The dissociated diet was born at the turn of the twentieth century and the twenties, thanks to the intuitions of the physicist William H. Hay , who divided foods into alkaline, acidic and neutral and introduced the concept of food combination as a cure.
Basically, in a healthy diet, carbohydrate-based foods should not be combined with protein-based foods (therefore alkaline with acids),
because this would cause an intestinal pH imbalance and hence a body imbalance.Â
In reality, Hay’s assumptions, which led to the birth of Robert Young’s alkaline diet in the seventies,
have proved wrong over time: the gastric pH, for example, is always acidic, so eating alkaline foods does not alkalize gastric juices.

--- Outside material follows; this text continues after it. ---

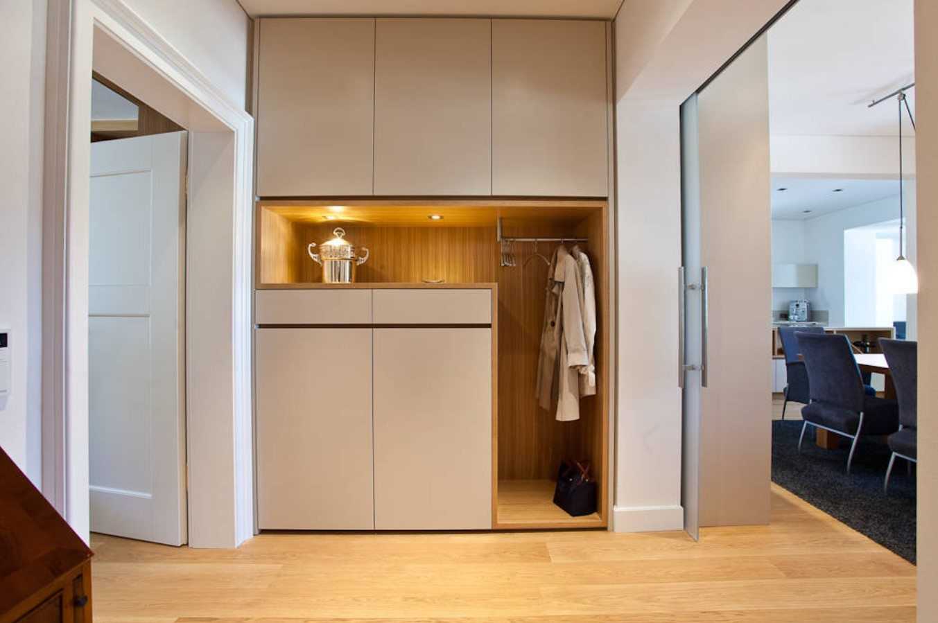Шкафы купе бывают трех видов. Встроенные отличаются тем, что они занимают какую-то нишу и не имеют собственных стен, пола и потолка. Аналогичную конструкцию делают и тогда, когда можно отгородить часть помещения от стены до стены. В таком случае просто заказывают фасад (двери) для шкафа купе с системой роликов и направляющими. Внутри ставят перегородки и крепят/устанавливают начинку. В некоторых прихожих встроенный шкаф купе делают на месте бывшей кладовки, при другой планировке удается отгородить часть в торце.

Both the dissociated diet and the alkaline diet have been scientifically disproved ( source ). Physiologically speaking, the body tends to restore a balance whether they eat acidic or basic foods or a mix of them.In fact, there are no studies that confirm that carbohydrates should not be associated with proteins , for example, or that we cannot eat. different sources of protein in a single meal. The dissociated diet makes you lose weight for reasons that do not directly concern food combinations, but rather due to the secondary effects that this kind of diet produces. Dissociating carbohydrates from proteins does not create any slimming mechanism in itself, quite the opposite.
Often, having balanced meals increases the sense of satiety, and has the advantage of reducing the glycemic load of the meal, that is, of ensuring that insulin does not rise exclusively due to carbohydrates, but also rises due to the proteins we eat, and this way you can better manage your glucose. This is the exact opposite of what happens with the dissociated diet,  but it is a strategy used in other methods of weight loss, such as the signal diet, the Zone diet and so on.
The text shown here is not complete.